I want to prove that $$\lVert Ax \rVert \geq \lVert x \rVert \lVert A^{-1} \rVert^{-1}$$ for all $x \in \mathbb{R}^n$, where $A \in \mathbb{R}^{n\times n}$ is invertible, and $\lVert \cdot \rVert$ is a vector induced matrix norm, defined as $$\lVert A \rVert = \sup_{x\neq0}{\lVert Ax \rVert \over \lVert x \rVert}$$ (that obeys $\lVert A B \rVert \leq \lVert A \rVert\lVert B \rVert$).

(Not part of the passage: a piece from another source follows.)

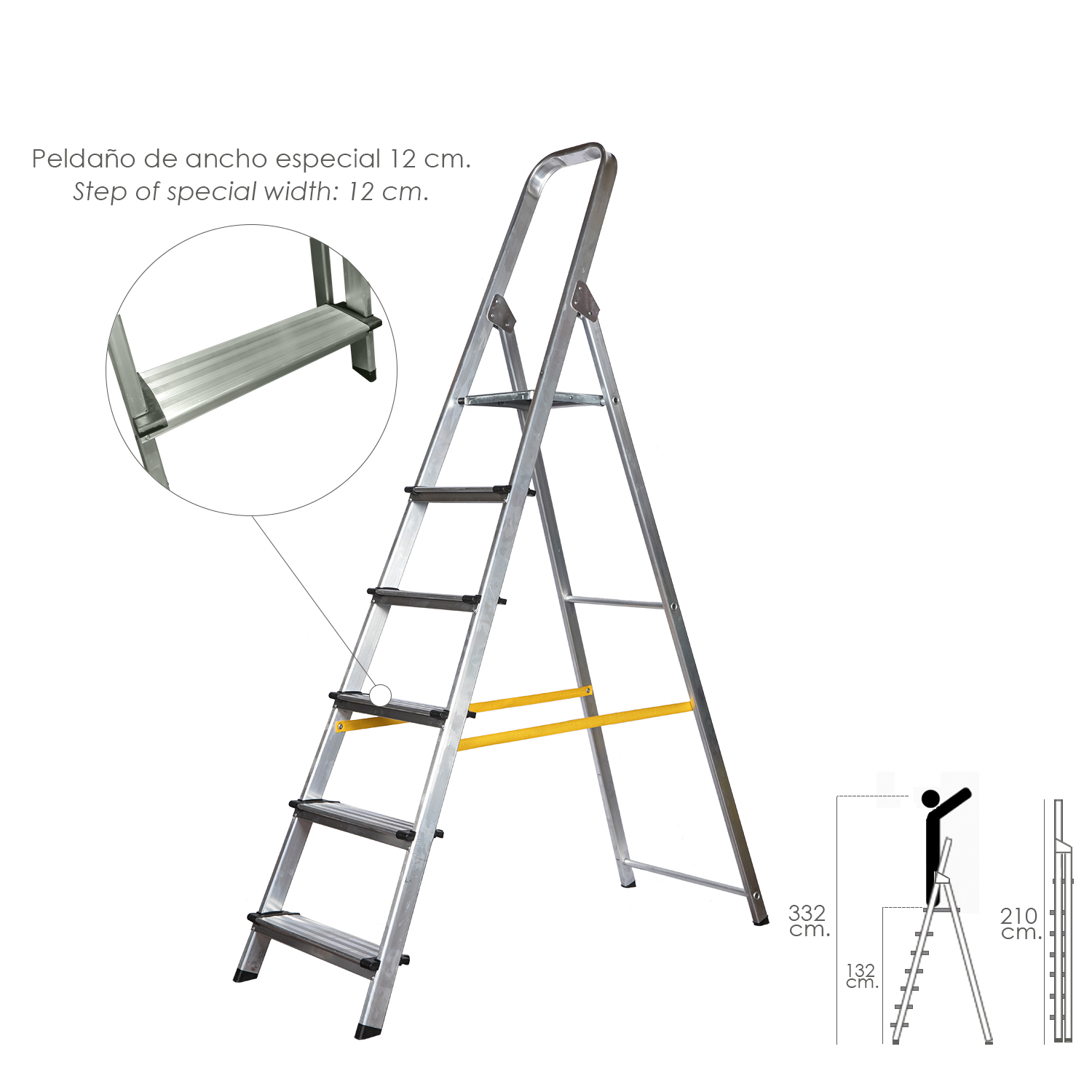 Etiquetas: escalera, escalera 6 peldaños, escalera aluminio, escalera domestica, peldaño 12 cm, peldaño 120 mm, peldaño ancho

I know that $\lVert Ax \rVert \leq \lVert x \rVert \lVert A \rVert$ (which follows from the definition of $\lVert A \rVert$) and that $1 \leq \lVert A \rVert \lVert A^{-1} \rVert$. I have tried manipulating the latter and even trying to apply the definition of $\lVert A \rVert$ in proving this inequality, but to no success.

Any help?

Answer 1

Note the following : $$ \|x\|_{2}=\|A^{-1}Ax\|_{2} \implies \|x\|_{2}=\frac{\|A^{-1}Ax\|_{2}}{\|Ax\|_{2}}\|Ax\|_{2} $$ The latter expression implies that since $Ax\in\operatorname{Im}(A)$ then there shall be a vector $y\neq0$ such that $$ \|x\|_{2}\leq\max_{y\neq0}\frac{\|A^{-1}y\|_{2}}{\|y\|_{2}}\|Ax\|_{2}=\|A^{-1}\|_{2}\|Ax\|_{2} $$ Therefore you end up with : $$ \|A^{-1}\|^{-1}_{2}\|x\|_{2}\leq\|Ax\|_{2} $$ Note that I am assuming you are using the following definition of $\|A\|_{p}$ $$ \|A\|_{p}=\max_{x\neq 0}\frac{\|Ax\|_{p}}{\|x\|_{p}}=\max_{\|x\|_{p}=1}\|Ax\|_{p} $$ A matrix norm sub-ordinate or induced by a vector norm.

Answer 2

Note that for any matrix $A$ and vector $x$, $\|Ax\| \leq \|A\|\|x\|$ (this should be straight forward to prove).

Now using $A^{-1}$ instead of $A$ and $Ax$ instead of $x$ we have have $\|A^{-1}(Ax)\| \leq \ \|A^{-1}\|\|Ax\|$ or in other words $\|x\| \leq \|A^{-1}\| \|Ax\|$. Multiplying by $\|A^{-1}\|^{-1}$ yields your inequality.